The ‘cloud’ in cloud computing derives from the amorphous location of your resources. Sure, you have a virtual server, but all you really know is that it’s somewhere on your cloud provider’s hardware, and you can reach it at a certain IP address. You generally don’t care about its exact location.
There are times, though, when you might care. High Availability (HA) designs are a good example of this: you want to avoid putting all your eggs in one basket, so to speak. You don’t want your resources in the same failure domain, so that when there is an outage, it is likely to only affect one part of that provider’s cloud, while other parts remain functional. In these cases, you would want to request that your VMs are placed in different locations so that in the event of an outage in one part of the cloud, the rest should remain functional.
After many discussions about this recently in the #openstack-nova IRC channel, I’ve thought about how to approach this, and wanted to write down my ideas so that others can comment on them.
The placement service already has the concept of aggregates, which are used primarily for determining which resources can be shared with other resources. I think that we can use aggregates for affinity modeling, too. Note: Placement aggregates are not Nova aggregates!
A resource’s location can be described at many levels. In the example of a VM, it is located on a host machine. This machine is located in a rack of machines. These racks are located in rows. Rows are located in rooms. Rooms are located… well, you get the idea. These more or less correspond with sharing the same network segments, power sources, etc. The higher you go up this nesting, the more isolated things are from each other.

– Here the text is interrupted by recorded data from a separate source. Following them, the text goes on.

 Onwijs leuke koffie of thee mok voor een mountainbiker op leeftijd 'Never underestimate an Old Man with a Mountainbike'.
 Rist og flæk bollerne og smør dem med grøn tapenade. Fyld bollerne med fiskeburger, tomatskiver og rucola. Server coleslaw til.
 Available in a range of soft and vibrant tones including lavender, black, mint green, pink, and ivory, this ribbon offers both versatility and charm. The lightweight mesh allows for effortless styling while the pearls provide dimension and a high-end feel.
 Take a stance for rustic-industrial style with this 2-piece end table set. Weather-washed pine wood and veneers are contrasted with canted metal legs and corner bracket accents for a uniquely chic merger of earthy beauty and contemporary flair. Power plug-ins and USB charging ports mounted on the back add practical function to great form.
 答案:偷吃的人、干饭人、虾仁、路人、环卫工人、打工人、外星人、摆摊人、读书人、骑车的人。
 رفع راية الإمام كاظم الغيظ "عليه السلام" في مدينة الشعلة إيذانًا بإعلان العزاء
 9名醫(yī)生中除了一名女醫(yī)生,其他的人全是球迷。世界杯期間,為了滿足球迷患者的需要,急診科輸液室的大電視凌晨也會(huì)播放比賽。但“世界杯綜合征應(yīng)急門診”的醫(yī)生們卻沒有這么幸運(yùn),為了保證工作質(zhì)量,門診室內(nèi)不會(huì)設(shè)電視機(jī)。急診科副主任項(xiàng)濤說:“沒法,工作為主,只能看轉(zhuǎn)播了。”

As an operator of a cloud, you define which of these groupings you want to give your users the ability to choose from. You could, of course, choose to expose every possible layer to your users, but that may not be practical (or necessary). So for this example, let’s assume that users can specify affinity or anti-affinity at the rack, row, and room levels. Here’s how I think this can be achieved in placement:
Define an aggregate for each rack, and then add all the host machines in that rack to that agg. Once that’s done, it’s a simple matter to determine if a potential candidate for a new VM is in the same rack or not by simply testing membership in that aggregate.
Next, define an aggregate for the row. Add all the hosts in that row to this row aggregate. Yeah, that sounds cumbersome, but really, we could create a simple tool that lets the operator select the racks for a row, and iteratively adds the hosts in those racks to that aggregate. Once again, when this is done, it is simple to determine if a candidate is in a given rack by simply checking if it is a member of that rack’s aggregate. The same pattern would hold for defining the room aggregate.

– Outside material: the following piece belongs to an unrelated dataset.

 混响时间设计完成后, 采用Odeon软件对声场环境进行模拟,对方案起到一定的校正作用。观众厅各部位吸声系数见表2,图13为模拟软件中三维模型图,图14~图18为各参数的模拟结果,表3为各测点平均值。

While this would indeed require some setup effort by operators, I don’t think it’s any worse than other proposals. These definitions would be relatively static, as the layout of a DC doesn’t change too often, so the pain would be mostly up front, with the occasional update necessary.

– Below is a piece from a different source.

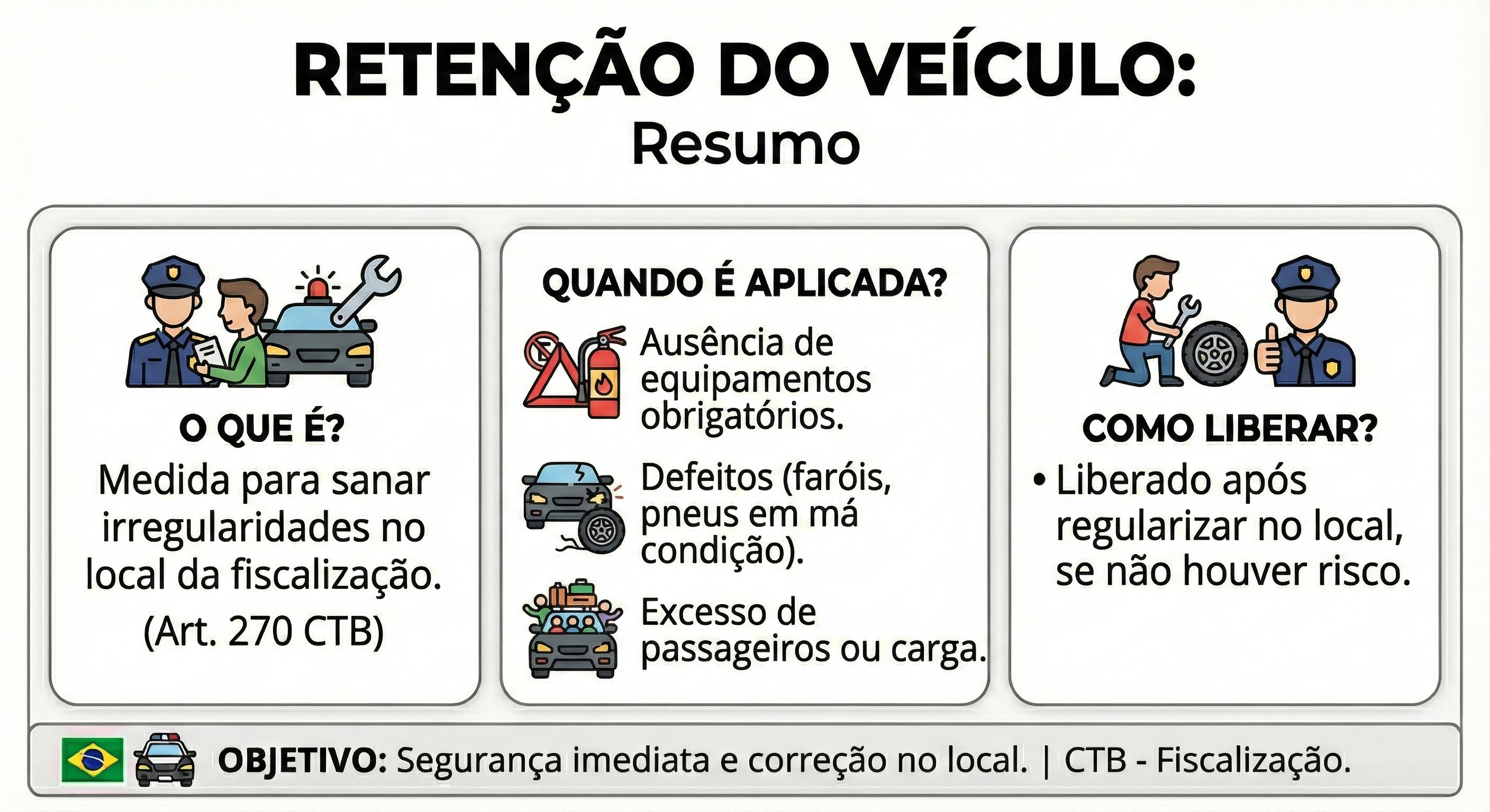 A retenção do veículo é uma medida menos severa, aplicada para sanar irregularidades que possam ser resolvidas no local da fiscalização.

Now we start to handle requests like “give me an instance that has this much RAM, VCPU, and disk, but make sure it’s in a different row than instance X”. To do this, we just need to look up what row aggregate instance X is in, and filter out those hosts that are also in that same aggregate. The naming of these grouping levels would be left to the operator, so they could be in control of how granular they want this to be, and also make sure that their flavors match these names.
This idea doesn’t address the “soft affinity” issue, which basically says “give me an instance in Row R, but if there isn’t any candidate found there, give me one in the closest row to that”. The notion of “closest”, or any sort of “distance”, for that matter, isn’t really something that is clearly defined, as it could be physical location, or number of network switches, or pretty much anything else. But if it is determined to be a priority to support, perhaps we could add a column to contain some sort of distance/location identifier to the PlacementAggregate table. Or maybe we could think up some other way of defining relative location. In any case, I think it would be a poor choice to design an entire system around a relatively esoteric requirement. We need support for robust affinity/anti-affinity in Placement, and I think we can get this done without adding more tables, relationships, and complexity.